16. The system of claim 1, wherein the target environment comprises a Linux environment, a Windows@ environment, a macOS@ environment, an iOS@ environment, an Android@ environment, a Chrome OS™ environment, a bare-metal OS environment, an embedded OS environment, a real-time OS environment, or a combination thereof.

17. A method for cyber vulnerability assessment (CVA), comprising.

collecting data at multiple levels from a target environment via one or more cyber vulnerability (C V) data collection modules, the multiple levels comprising a network level, a platform level, and a binary level, analyzing the collected data, via a correlation engine, to identify relationships between entities in the collected data across the multiple levels; deriving one or more blocks representative of the entities; creating one or more links between the one or more blocks based on the identified relationships; and constructing, via a model generator, a CV attack surface model comprising the one or more blocks connected via the one or more links.

18. The method of claim 17, further comprising identifying relationships between entities, via the correlation engine, by matching internet protocol (IP) addresses, an open port, a communication protocol, a parent-child process relationship, a process spawning order, or a combination thereof, between a network level data, a platform level data, a binary level data, or a combination thereof, wherein the collected data comprises the network level data, the platform level data, the binary level data, or the combination thereof.

19. A non-transitory machine-readable medium storing instructions that, when executed by a computer system, cause the computer system to perform operations comprising collecting data at multiple levels from a target environment via one or more cyber vulnerability (C V) data collection modules, the multiple levels comprising a network level, a platform level, and a binary level; analyzing the collected data, via a correlation engine, to identify relationships between entities in the collected data across the multiple levels; deriving one or more blocks representative of the entities; creating one or more links between the one or more blocks based on the identified relationships; and constructing, via a model generator, a CV attack surface model comprising the one or more blocks connected via the one or more links.

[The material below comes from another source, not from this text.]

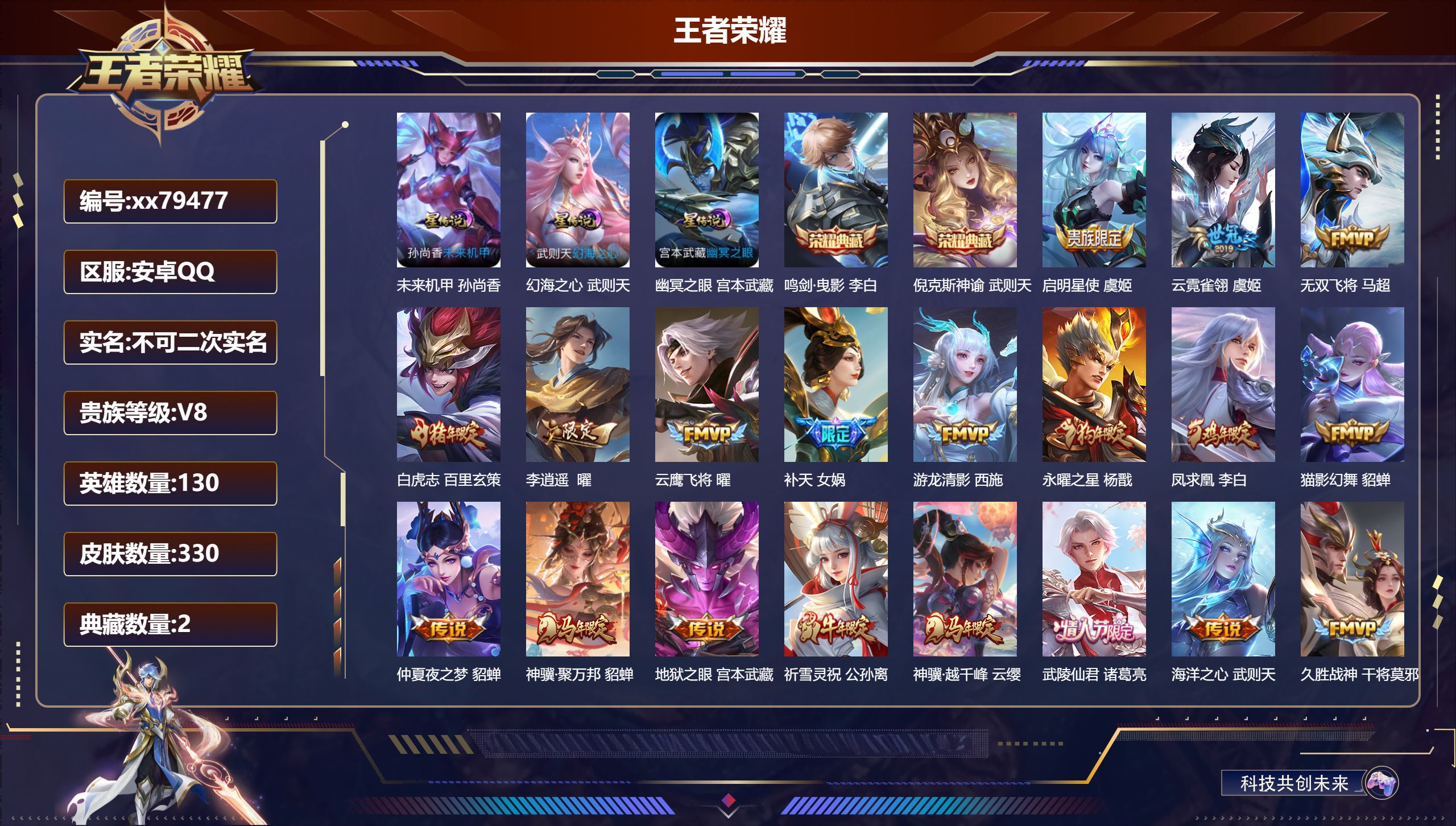 PX_2576082-,不包人脸,V8,贵族积分91577,安卓QQ/330皮肤/130英雄/2典藏/0珍品无双/0无双/0珍品传说/25传说/95史诗/10稀有英雄,对抗路35段,,对抗路35段,,中路37段,历史(万战小国标女娲,省标司马懿,)天幕-秋月华灯 【1,小国标】,小国标女娲, 【3,星传说皮肤】,未来机甲,孙尚香,幻海之心,武则天,幽冥之眼,宫本武藏, 【2,典藏皮肤】,鸣剑·曳影,李白,倪克斯神谕,武则天, 【25,传说皮肤】,启明星使,虞姬,云霓雀翎,虞姬,无双飞将,马超,白虎志,百里玄策,李逍遥,,曜,云鹰飞将,曜,补天,女娲,游龙清影,西施,永曜之星,杨戬,凤求凰,李白,猫影幻舞,貂蝉,仲夏夜之梦,貂蝉,神骥·聚万邦,貂蝉,地狱之眼,宫本武藏,祈雪灵祝,公孙离,神骥·越千峰,云缨,武陵仙君,诸葛亮,海洋之心,武则天,久胜战神,干将莫邪,末日机甲,孙尚香,一念神魔,李信,太华,伽罗,神树通天,后羿,愿照·千秋盛,女娲,鸣野蒿,桑启, 【95,史诗皮肤】,奔雷神使,牛魔,电玩小子,鲁班七号,末日机甲,吕布,紫霞仙子,露娜,高山流水,庄周,暗渊魔法,司马懿,暗影游猎,马可波罗,妄想食味,姬小满,德古拉伯爵,刘邦,心灵战警,亚瑟,五谷丰年,鬼谷子,无心,元歌,巫礼祀神,少司缘,鬼剑武藏,宫本武藏,百相守梦,黄忠,星夜王子,白起,线条小狗,周瑜,遇见飞天,杨玉环,摇滚巨星,嬴政,电玩高手,狂铁,顽趣,梦奇,冰锋战神,关羽,修罗,橘右京,拒霜思,嫦娥,魅力维加斯,妲己,乐园奇幻夜,钟馗,偶像歌手,王昭君,荣光圣徽,蒙恬,女仆咖啡,妲己,白蛇,大乔,赏金猎手,澜,九幽镇关,项羽,星界游侠,暃,晚萤,娜可露露,猪悟能,猪八戒,舞动绿茵,蔡文姬,繁星吟游,蔡文姬,鹰眼统帅,狄仁杰,胡桃异想国,米莱狄,李小龙,裴擒虎,纤云弄巧,云中君,龙骑士,墨子,金属风暴,墨子,猫狗日记,孙策,原初追逐者,百里玄策,逐浪之夏,李元芳,未来纪元,赵云,朱雀志,百里守约,黎明之约,雅典娜,驭风魔法,戈娅,魔术师,狄仁杰,龙之律动,狂铁,神威,马超,皇家上将,赵云,冰冠公主,雅典娜,至尊宝,孙悟空,功夫厨神,程咬金,天才门将,刘禅,圣诞恋歌,貂蝉,云间偶戏,元歌,水晶猎龙者,花木兰,破空之剑,亚连,圣诞狂欢,吕布,青焰无极,镜,魅语,不知火舞,星界战将,牛魔,永昼,夏洛特,地狱岩魂,廉颇,茶境仙,孙膑,蔷薇恋人,孙尚香,冰雪圆舞曲,甄姬,火炮绅士,黄忠,月团寄思,沈梦溪,航海奇遇记,老夫子,千年之狐,李白,节奏热浪,阿轲,超时空战士,钟无艳,游园惊梦,甄姬,青春决赛季,花木兰,曙光守护者,铠,万灵启世,女娲,心灵骇客,安琪拉,百相守梦,周瑜,吟游魔法,明世隐,万物之道,弈星,缤纷独角兽,小乔,线条小狗,小乔,真爱魔法,干将莫邪,时之恋人,孙尚香,水果甜心,孙尚香,狂想玩偶喵,蒙犽,化蝶舞,阿轲,幽灵船长,曹操,乘风破浪,夏侯惇,暗隐猎兽者,兰陵王, 【147,勇者皮肤】,玲珑珍味,西施,圆桌骑士,盾山,烛龙,曹操,爱心护理,阿轲,太极少年,赵怀真,星际陆战队,达摩,沙漠行僧,达摩,大漠名商,沈梦溪,缤纷绘卷,张良,纽约教父,刘备,拳王,达摩,龙舞盛年,沈梦溪,乐园追猎者,白起,功夫炙烤,廉颇,沉稳之力,孙尚香,幻夜卜梦,芈月,爱与正义,程咬金,海盐诗旅,桑启,朔风刀,夏侯惇,醍醐杖,老夫子,朔望之晖,女娲,归虚梦演,孙膑,白色死神,白起,黑桃队长,鲁班七号,黄金武士,典韦,落雪兰心,甄姬,御旌,牛魔,阴阳师,狄仁杰,炼金王,扁鹊,径山谋武,孙权,致命风华,阿轲,次元突破,哪吒,古海寻踪,张良,牛运亨通,牛魔,科学大爆炸,项羽,功夫老勺,老夫子,鲨炮海盗猫,沈梦溪,虎啸剑宗,刘邦,海滩派对,项羽,万华元夜,狄仁杰,制霸全明星,牛魔,踏浪烽翎,莱西奥,演武夺筹,程咬金,奇妙博物学,庄周,西部游侠,莱西奥,蜃楼王,庄周,野性能量,吕布,哥特玫瑰,露娜,无双福将,程咬金,瓷语鉴心,露娜,原初探秘者,鬼谷子,潮玩探月行,猪八戒,天穹祈灯,鬼谷子,西部大镖客,猪八戒,疑决卦,明世隐,化身博士,扁鹊,潮玩骑士王,亚瑟,阿尔法小队,后羿,五福同心,张飞,夜都怪侠,白起,金色潮汐,朵莉亚,次元傲视,杨戬,幻乐之宴,鬼谷子,东方不败,武则天,霸王丸,宫本武藏,虹云星官,明世隐,雾影缉谜,兰陵王,潮玩牛仔,马可波罗,赤刃凌霄,敖隐,潮玩骑兵,杨戬,死亡骑士,亚瑟,浪漫序章,刘备,胡桃狂想曲,蒙犽,破局者,亚连,幽兰居士,张良,玩偶对对碰,安琪拉,掌控之力,诸葛亮,海滩丽影,钟无艳,圣弓游侠,后羿,忍·炎影,赵云,狰,白起,雪境奇遇,西施,重明,芈月,炽热元素使,姜子牙,坚韧之力,苏烈,万事如意,刘备,擒涛扼浪,裴擒虎,糖果风暴,安琪拉,乓乓大师,鲁班大师,逐霄之志,曹操,死亡摇滚,高渐离,妖精王,孙膑,极光幻客,蚩奼,探海日志,鲁班大师,天使之翼,孙膑,龙腾万里,关羽,金庭之子,兰陵王,罗小黑战记,哪吒,千军破阵,苏烈,荣光之誓,亚瑟,花好人间,甄姬,万象初新,宫本武藏,御銮,盾山,单词大作战,雅典娜,秘密基地,刘禅,穷奇,典韦,教廷特使,韩信,云中旅人,李元芳,西部大镖客,孙悟空,紫罗兰之誓,妲己,神迹守卫,墨子,重装意志,盘古,凯尔特女王,虞姬,少女阿狸,妲己,混沌棋,弈星,御霄,米莱狄,蔚蓝守将,蒙恬,春野闲踪,苏烈,布丁狗之约,阿古朵,暖冬·兔眠,嫦娥,命运加冕,露娜,午后时光,王昭君,幻想奇妙夜,王昭君,驱傩正仪,钟馗,特工战影,狂铁,御狮,狂铁,班班快跑,鲁班七号,饕餮,太乙真人,华丽摇滚,太乙真人,神迹守卫,孙悟空,剑破天穹,刘邦,铁骨偃魂,典韦,苍林狼骑,苍,访茗客,马超,星梦巡礼,姜子牙,谧流熔炉,太乙真人,金福满堂,东皇太一,暗都幽影,大司命,鹤鸣心笺,艾琳,线条

20. The non-transitory machine-readable medium of claim 19, wherein operations further comprise identifying relationships between entities, via the correlation engine, by matching internet protocol (IP) addresses, an open port, a communication protocol, a parent-child process relationship, a process spawning order, or a combination thereof, between a network level data, a platform level data, a binary level data, or a combination thereof, wherein the collected data comprises the network level data, the platform level data, the binary level data, or the combination thereof.